Problem details:
Give every entry again, word for word and in full.

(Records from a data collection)
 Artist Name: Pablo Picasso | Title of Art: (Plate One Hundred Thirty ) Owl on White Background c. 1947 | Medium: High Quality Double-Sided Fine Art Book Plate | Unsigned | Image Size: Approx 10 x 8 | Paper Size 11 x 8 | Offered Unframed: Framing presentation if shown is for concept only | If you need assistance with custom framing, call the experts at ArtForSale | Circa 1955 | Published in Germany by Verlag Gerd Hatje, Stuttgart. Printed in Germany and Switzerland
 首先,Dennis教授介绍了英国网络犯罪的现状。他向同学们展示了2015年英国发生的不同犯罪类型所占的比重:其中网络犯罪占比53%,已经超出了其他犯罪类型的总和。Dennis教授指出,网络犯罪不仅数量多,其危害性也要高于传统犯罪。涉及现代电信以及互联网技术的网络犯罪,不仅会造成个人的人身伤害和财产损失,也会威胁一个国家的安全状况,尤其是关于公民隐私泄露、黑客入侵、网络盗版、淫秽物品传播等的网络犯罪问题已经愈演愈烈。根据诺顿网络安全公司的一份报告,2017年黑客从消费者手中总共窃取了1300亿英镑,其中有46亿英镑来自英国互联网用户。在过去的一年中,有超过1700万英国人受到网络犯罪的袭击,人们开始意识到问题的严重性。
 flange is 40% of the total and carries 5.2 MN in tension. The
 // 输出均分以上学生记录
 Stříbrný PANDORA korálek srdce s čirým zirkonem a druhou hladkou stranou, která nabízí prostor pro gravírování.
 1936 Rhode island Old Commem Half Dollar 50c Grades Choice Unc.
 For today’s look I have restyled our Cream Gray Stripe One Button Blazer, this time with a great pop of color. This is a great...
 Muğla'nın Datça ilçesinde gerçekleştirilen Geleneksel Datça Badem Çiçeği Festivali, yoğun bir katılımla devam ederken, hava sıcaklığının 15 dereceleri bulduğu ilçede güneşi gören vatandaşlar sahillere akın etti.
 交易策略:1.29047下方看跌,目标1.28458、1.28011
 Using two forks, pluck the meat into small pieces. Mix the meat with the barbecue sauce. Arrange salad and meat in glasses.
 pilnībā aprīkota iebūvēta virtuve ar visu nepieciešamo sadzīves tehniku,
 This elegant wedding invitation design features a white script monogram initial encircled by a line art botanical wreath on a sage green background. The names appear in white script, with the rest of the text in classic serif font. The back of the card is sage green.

Task solution:
 Artist Name: Pablo Picasso | Title of Art: (Plate One Hundred Thirty ) Owl on White Background c. 1947 | Medium: High Quality Double-Sided Fine Art Book Plate | Unsigned | Image Size: Approx 10 x 8 | Paper Size 11 x 8 | Offered Unframed: Framing presentation if shown is for concept only | If you need assistance with custom framing, call the experts at ArtForSale | Circa 1955 | Published in Germany by Verlag Gerd Hatje, Stuttgart. Printed in Germany and Switzerland
 首先,Dennis教授介绍了英国网络犯罪的现状。他向同学们展示了2015年英国发生的不同犯罪类型所占的比重:其中网络犯罪占比53%,已经超出了其他犯罪类型的总和。Dennis教授指出,网络犯罪不仅数量多,其危害性也要高于传统犯罪。涉及现代电信以及互联网技术的网络犯罪,不仅会造成个人的人身伤害和财产损失,也会威胁一个国家的安全状况,尤其是关于公民隐私泄露、黑客入侵、网络盗版、淫秽物品传播等的网络犯罪问题已经愈演愈烈。根据诺顿网络安全公司的一份报告,2017年黑客从消费者手中总共窃取了1300亿英镑,其中有46亿英镑来自英国互联网用户。在过去的一年中,有超过1700万英国人受到网络犯罪的袭击,人们开始意识到问题的严重性。
 flange is 40% of the total and carries 5.2 MN in tension. The
 // 输出均分以上学生记录
 Stříbrný PANDORA korálek srdce s čirým zirkonem a druhou hladkou stranou, která nabízí prostor pro gravírování.
 1936 Rhode island Old Commem Half Dollar 50c Grades Choice Unc.
 For today’s look I have restyled our Cream Gray Stripe One Button Blazer, this time with a great pop of color. This is a great...
 Muğla'nın Datça ilçesinde gerçekleştirilen Geleneksel Datça Badem Çiçeği Festivali, yoğun bir katılımla devam ederken, hava sıcaklığının 15 dereceleri bulduğu ilçede güneşi gören vatandaşlar sahillere akın etti.
 交易策略:1.29047下方看跌,目标1.28458、1.28011
 Using two forks, pluck the meat into small pieces. Mix the meat with the barbecue sauce. Arrange salad and meat in glasses.
 pilnībā aprīkota iebūvēta virtuve ar visu nepieciešamo sadzīves tehniku,
 This elegant wedding invitation design features a white script monogram initial encircled by a line art botanical wreath on a sage green background. The names appear in white script, with the rest of the text in classic serif font. The back of the card is sage green.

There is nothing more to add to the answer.